Problem details
Starting with the line that has "本网讯(文/图 杜伦、鲍洁)" in the records below and ending with the line that has "Artistically drawn, antique", output those lines exactly and nothing more; omit the pictures.

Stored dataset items
-----

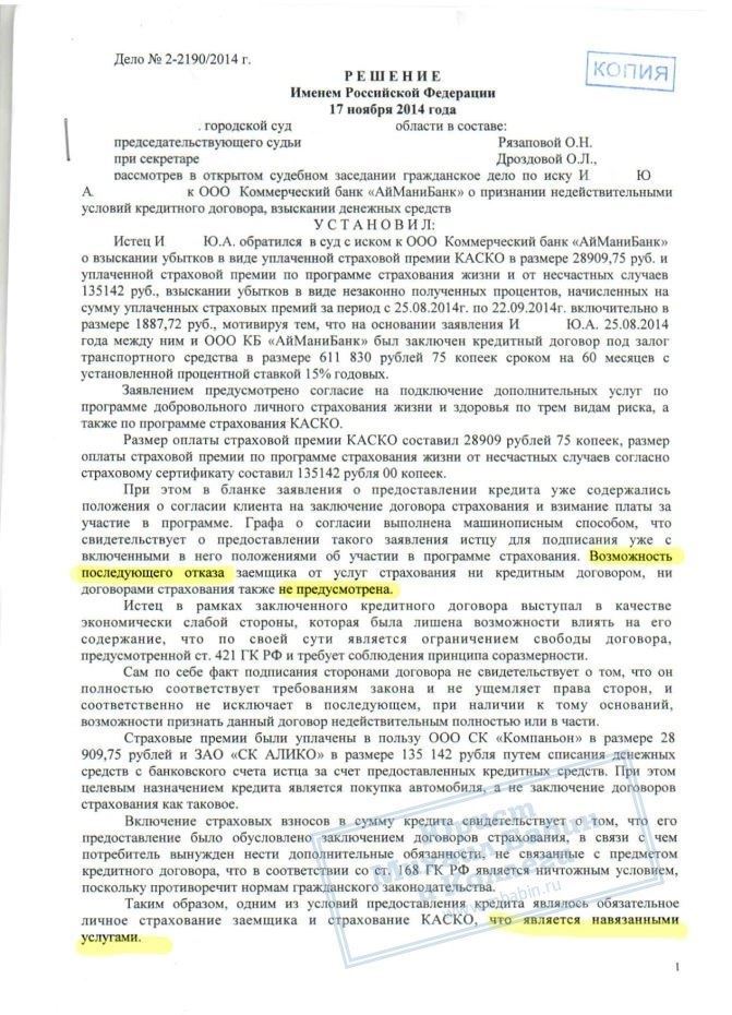 Отказ от страховок после заключения договора — это сложный процесс, поскольку клиент сам подписал согласие на неё. Однако, юристам нашей компании удалось доказать, что в данном случае закон был нарушен и страховка подлежит возврату.
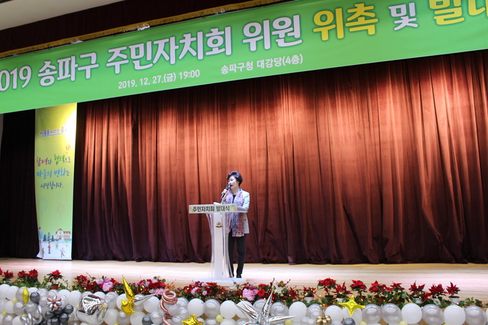 [시민일보 = 이대우 기자] 이성자 서울 송파구의장이 최근 송파구청 4층 대강당에서 열린 ‘2019 송파구 주민자치회 위원 위촉 및 발대식’ 행사에 참석했다.
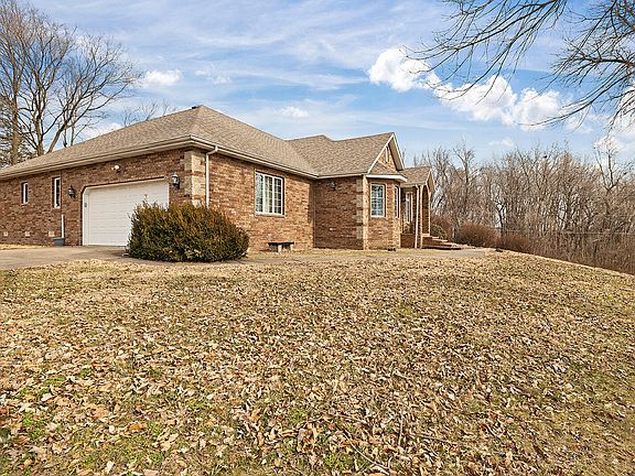 This all brick custom built home features 2 bedrooms with 2.5 baths and a 4 car garage and sits on 2.2 beautiful acres just down the road from the Republic Aquatic Center. As you walk into the home you enter into a large living room area with 10 ft. ceilings and a wood burning fireplace. The home also features a larger formal dining room, kitchen, eat in kitchen area, an office or folding room off of the laundry room and SO much storage! Off the living room there is an enclosed sun room perfect for entertaining or sitting out watching the beautiful view of the property. Downstairs you will find another living area, bedroom, bathroom, and more storage areas. This home features a 22x22 shop/garage building as well as another outbuilding that is set up for an apartment with an extra 725 sq ft of living space with a kitchenette, bedroom and bathroom attached to a 22x15 garage! This is a beautiful built home and ready for its new owners.
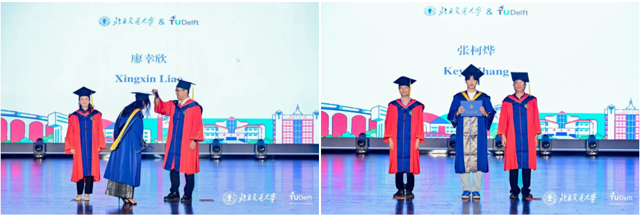 北京交通大学本科生院副院长邓涛,国际处副处长谭宇燕,太阳集团tyc86院长孟令云,党委副书记李涛,副院长陈军华、何世伟、柏赟、唐源洁出席毕业典礼,同时出席仪式的还有太阳集团tyc86专业课教师及毕业生家长代表等。荷兰代尔夫特理工大学数字轨道交通实验室主任、交通运输铁路方向负责人 Rob Goverde 跨越山海,以云端连线的方式,为毕业生们送来异国的祝福。
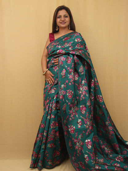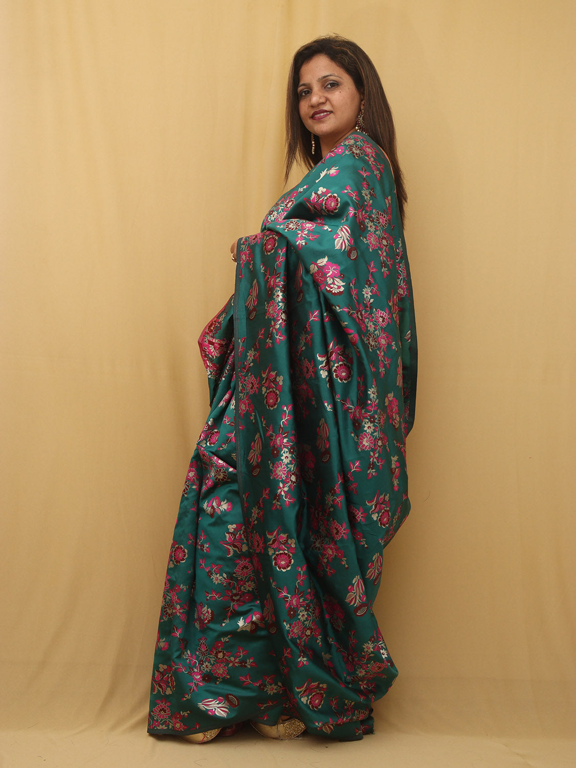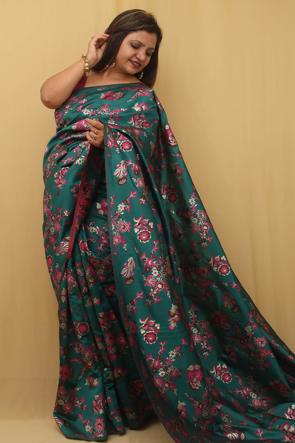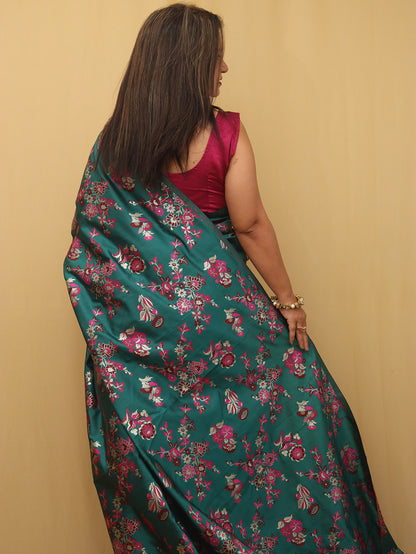 The Green Banarasi Silk Meenakari Saree is a beautiful and elegant piece of clothing that is perfect for any special occasion. Made from high-quality silk, this saree features intricate meenakari work that adds a touch of traditional charm to its overall design. The saree is lightweight and comfortable to wear, making it ideal for long hours of use.
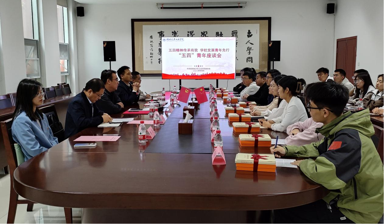 本网讯(文/图 杜伦、鲍洁)在“五四”青年节来临之际,为传承和弘扬“五四”精神,引导青年坚定理想信念,不忘初心、牢记使命,努力争做堪当民族复兴大任的时代新人,4月30上午,学校在图书馆会议室举行“五四”青年节师生代表座谈会。校长王晓,校党委常委、党政办主任王文山,校团委书记杜祥军以及青年师生代表30余人参加此次座谈会。会议由王文山主持。
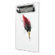 Artistically drawn, antique fountain pen embellished with dark red feather on white background.
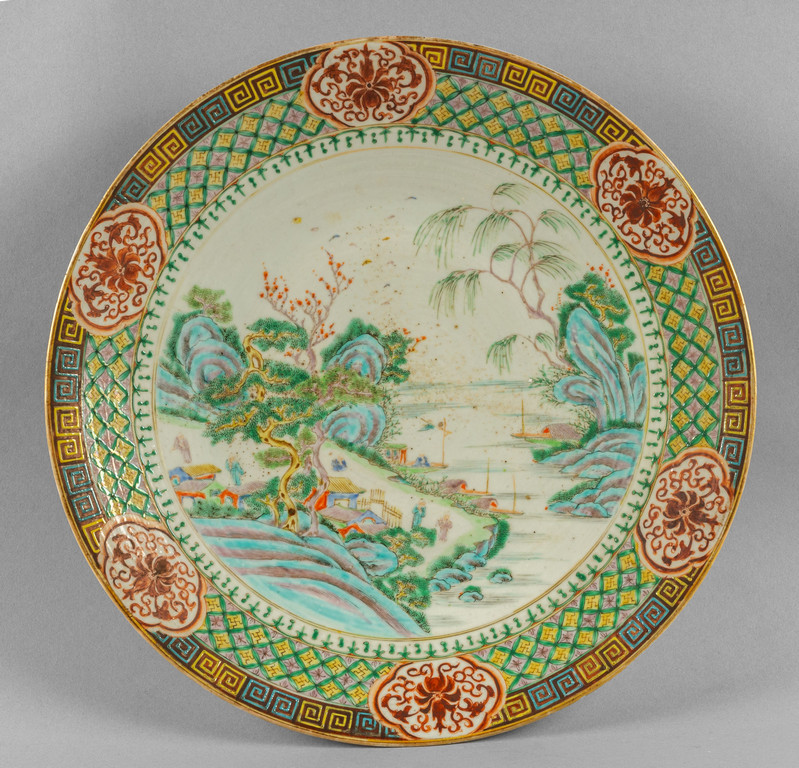 Piatto in porcellana con decoro di paesaggio con figure Famiglia verde Cina fine sec.XIX

-----

Task answer
 本网讯(文/图 杜伦、鲍洁)在“五四”青年节来临之际,为传承和弘扬“五四”精神,引导青年坚定理想信念,不忘初心、牢记使命,努力争做堪当民族复兴大任的时代新人,4月30上午,学校在图书馆会议室举行“五四”青年节师生代表座谈会。校长王晓,校党委常委、党政办主任王文山,校团委书记杜祥军以及青年师生代表30余人参加此次座谈会。会议由王文山主持。
 Artistically drawn, antique fountain pen embellished with dark red feather on white background.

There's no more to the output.